Nanosecond Latency Monitoring
Nanosecond Latency Monitoring
By Fergal Toomey - Chief Scientist and Co-Founder at Corvil
Trading speed continues its relentless growth and where once the millisecond was the basic unit of measurement, many participants now speak exclusively in terms of microseconds. A recent press release from Corvil, describing how the firm is helping Nomura to measure latency with nanosecond granularity, raised eyebrows as it appears to presage an imminent breach of the microsecond barrier.
The truth is that components of the trading loop are now using hardware-based technologies to achieve latencies in the low microsecond range. This necessitates the use of nanosecond-level measurement to gauge their performance. Nomura's NXT Direct DMA service, which provides market access to Nomura's clients with less than 3 microseconds of latency, is an example of this trend.
Nanosecond-level measurement is proving particularly important for co-located trading systems, where component latencies of a few microseconds can have a material impact on end-to-end performance. Co-location reduces the impact of distance-related latency, making the relative impact of system latency all the more important. Designers working on performance improvements for these components do literally think in terms of fractions of a microsecond today. As well as the example of co-located DMA, a second area that I believe will benefit soon from nanosecond-level measurement is tick-to-order latency for co-located algorithmic trading services. Tick-to-order latency measures how quickly a trading system can respond with orders to opportunities in the market, when they become visible via market data feed updates or 'ticks'. It is a key performance metric for high frequency trading, and designers using FPGA-based technologies are already targeting values in the low microseconds.

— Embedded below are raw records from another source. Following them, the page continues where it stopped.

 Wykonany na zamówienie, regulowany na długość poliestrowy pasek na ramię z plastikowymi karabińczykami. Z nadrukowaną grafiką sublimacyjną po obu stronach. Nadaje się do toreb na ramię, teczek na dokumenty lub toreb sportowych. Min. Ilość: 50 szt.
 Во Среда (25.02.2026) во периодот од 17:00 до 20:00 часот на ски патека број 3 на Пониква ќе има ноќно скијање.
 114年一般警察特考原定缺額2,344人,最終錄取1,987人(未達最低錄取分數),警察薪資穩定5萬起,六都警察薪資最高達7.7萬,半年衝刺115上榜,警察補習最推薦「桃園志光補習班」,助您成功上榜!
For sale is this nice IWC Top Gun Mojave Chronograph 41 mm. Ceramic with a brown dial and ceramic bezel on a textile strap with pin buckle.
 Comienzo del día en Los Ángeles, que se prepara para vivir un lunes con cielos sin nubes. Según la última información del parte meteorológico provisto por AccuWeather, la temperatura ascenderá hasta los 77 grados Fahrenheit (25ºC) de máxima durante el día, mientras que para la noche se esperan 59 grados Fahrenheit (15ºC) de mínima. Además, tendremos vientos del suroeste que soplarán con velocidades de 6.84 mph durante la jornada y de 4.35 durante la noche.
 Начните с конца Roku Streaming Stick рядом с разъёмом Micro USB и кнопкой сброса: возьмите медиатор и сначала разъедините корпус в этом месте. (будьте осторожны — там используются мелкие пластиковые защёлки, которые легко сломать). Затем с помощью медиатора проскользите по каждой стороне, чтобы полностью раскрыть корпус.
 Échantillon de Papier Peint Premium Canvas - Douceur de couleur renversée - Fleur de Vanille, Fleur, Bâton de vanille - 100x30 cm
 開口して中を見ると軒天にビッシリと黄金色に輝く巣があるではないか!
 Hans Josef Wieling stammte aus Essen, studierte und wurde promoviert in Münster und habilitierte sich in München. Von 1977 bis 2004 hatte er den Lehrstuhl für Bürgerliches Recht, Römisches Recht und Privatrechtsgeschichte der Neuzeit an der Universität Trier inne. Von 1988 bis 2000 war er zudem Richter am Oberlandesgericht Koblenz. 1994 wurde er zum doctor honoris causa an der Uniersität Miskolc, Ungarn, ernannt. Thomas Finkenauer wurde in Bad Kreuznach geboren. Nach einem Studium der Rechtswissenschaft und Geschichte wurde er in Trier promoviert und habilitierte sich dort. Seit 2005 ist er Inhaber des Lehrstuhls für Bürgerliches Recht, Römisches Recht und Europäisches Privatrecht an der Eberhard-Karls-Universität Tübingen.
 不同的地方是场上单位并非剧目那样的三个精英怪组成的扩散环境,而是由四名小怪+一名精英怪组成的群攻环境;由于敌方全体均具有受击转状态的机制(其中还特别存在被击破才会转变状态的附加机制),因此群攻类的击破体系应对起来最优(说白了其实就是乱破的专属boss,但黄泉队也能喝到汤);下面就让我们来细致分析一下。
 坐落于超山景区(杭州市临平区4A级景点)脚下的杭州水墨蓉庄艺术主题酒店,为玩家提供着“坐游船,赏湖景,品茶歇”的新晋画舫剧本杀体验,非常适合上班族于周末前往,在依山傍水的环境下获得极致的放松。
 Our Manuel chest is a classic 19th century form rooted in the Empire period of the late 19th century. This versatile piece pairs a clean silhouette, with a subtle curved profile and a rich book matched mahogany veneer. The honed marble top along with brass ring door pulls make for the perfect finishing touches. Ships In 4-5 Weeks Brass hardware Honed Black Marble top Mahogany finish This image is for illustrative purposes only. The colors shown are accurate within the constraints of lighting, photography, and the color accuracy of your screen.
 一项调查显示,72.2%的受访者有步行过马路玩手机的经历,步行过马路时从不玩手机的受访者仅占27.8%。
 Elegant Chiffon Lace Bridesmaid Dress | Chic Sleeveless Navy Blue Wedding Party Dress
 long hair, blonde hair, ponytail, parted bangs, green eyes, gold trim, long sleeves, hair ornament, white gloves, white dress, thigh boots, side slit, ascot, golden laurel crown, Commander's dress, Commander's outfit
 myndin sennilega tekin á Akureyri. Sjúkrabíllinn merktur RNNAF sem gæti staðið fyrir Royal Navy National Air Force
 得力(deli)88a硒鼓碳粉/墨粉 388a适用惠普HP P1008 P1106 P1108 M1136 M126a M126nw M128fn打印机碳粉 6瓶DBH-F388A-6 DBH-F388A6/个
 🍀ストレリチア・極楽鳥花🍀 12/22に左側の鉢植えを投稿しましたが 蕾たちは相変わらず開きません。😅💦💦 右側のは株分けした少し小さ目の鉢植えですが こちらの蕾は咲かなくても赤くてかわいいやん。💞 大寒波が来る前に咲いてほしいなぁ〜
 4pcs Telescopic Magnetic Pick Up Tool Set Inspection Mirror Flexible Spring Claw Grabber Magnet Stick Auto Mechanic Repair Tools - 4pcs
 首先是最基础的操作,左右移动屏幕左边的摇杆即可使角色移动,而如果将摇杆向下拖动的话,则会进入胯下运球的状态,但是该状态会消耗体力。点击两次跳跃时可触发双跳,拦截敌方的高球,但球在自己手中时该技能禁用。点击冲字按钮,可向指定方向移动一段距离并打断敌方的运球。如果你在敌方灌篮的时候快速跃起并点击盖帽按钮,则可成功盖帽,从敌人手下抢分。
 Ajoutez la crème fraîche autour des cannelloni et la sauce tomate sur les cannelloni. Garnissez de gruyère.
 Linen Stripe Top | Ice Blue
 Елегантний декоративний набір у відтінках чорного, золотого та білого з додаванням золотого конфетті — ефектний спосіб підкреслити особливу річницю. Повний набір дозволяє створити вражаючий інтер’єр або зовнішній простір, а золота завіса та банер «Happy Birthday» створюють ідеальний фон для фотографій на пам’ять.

Nanosecond measurement will also offer traders a new level of insight into latency within the exchange itself. Many traders already monitor market response times, such as the time taken to acknowledge an order, or for a placed order to become visible in the market data feed. These measurements can help reveal why a particular order-request was not successful, for example. Response times are now well into the sub-millisecond range in many cases, even if they haven't quite reached the single-digit microsecond level yet. But traders are often interested in monitoring small changes in response time and how they might affect the behaviour of their strategies – after all, it is relative speed (rather than absolute response time) that determines trading success. With nanosecond-level measurements, truly tiny latency differences start to become visible. For example, it takes about 5 nanoseconds for a signal to travel one metre through cable – so even changing a cable length by a few metres within the exchange will produce effects that traders can observe.
A nanosecond is such a short period of time that we are often asked how it is possible to measure at this level of granularity. It is worth explaining some aspects of the answer here, especially because there are obvious approaches that do not actually work. The starting point for any latency measurement is the creation of timestamps for events of interest, such as the arrival of a market data update into a trading system or the transmission of a resulting order-request back towards the exchange. To achieve nanosecond precision these timestamps must be generated in hardware using specialized time-stamping equipment. Software timestamps, while easy to generate, are unfortunately not precise enough to consistently support even microsecond-level accuracy. This is partly because it is surprisingly difficult to access high resolution time information from software without careful, platform-dependent design. And it's partly because events detected in software can be ambiguous due to process-scheduling and buffering effects. Hardware time-stamping avoids these problems by triggering off well-defined low-level events (such as arrival/transmission of a network packet) and by ensuring fast access to a high resolution timer when the event occurs.
To calculate latency values at least two timestamps for different events must be compared. Best results are achieved when these timestamps come from the same clock, since otherwise we will have to worry about keeping clocks in sync. Even when using a single clock, the clock-speed relative to 'real-time' might be fast or slow, and can change due to temperature fluctuations. Clearly a clock that is running fast will produce latency measurements that are too short. In practice, most crystal-based clocks used in computer systems have speeds that are accurate to within a few tens of parts per million when used in a temperature-controlled data center environment. This is sufficient to allow nanosecond-level measurement for short latency values; for example, a measured latency of 1 millisecond will be accurate to within a few tens of nanoseconds. One might try to eliminate clock-speed inaccuracy by synchronizing the clock to a more stable external time source. But it turns out that most techniques for synchronizing clocks stuggle to achieve accuracy in the tens-of-nanoseconds range. For measuring short latency values, you will normally do best by letting the clock run free.
Once precise comparable timestamps are available for different events, the final step is to stitch them together to calculate useful latency metrics such as order response times, network transit times or tick-to-order latency values. This requires understanding the business transactions of interest, and using tools that can rapidly search streams of events to find the meaningful transactions within them. The process can be challenging in environments where data rates are high, multiple different protocols are in use and data is transformed many times as it passes along the trading loop. But it is a crucial step to extract real value from precion time-stamped event data.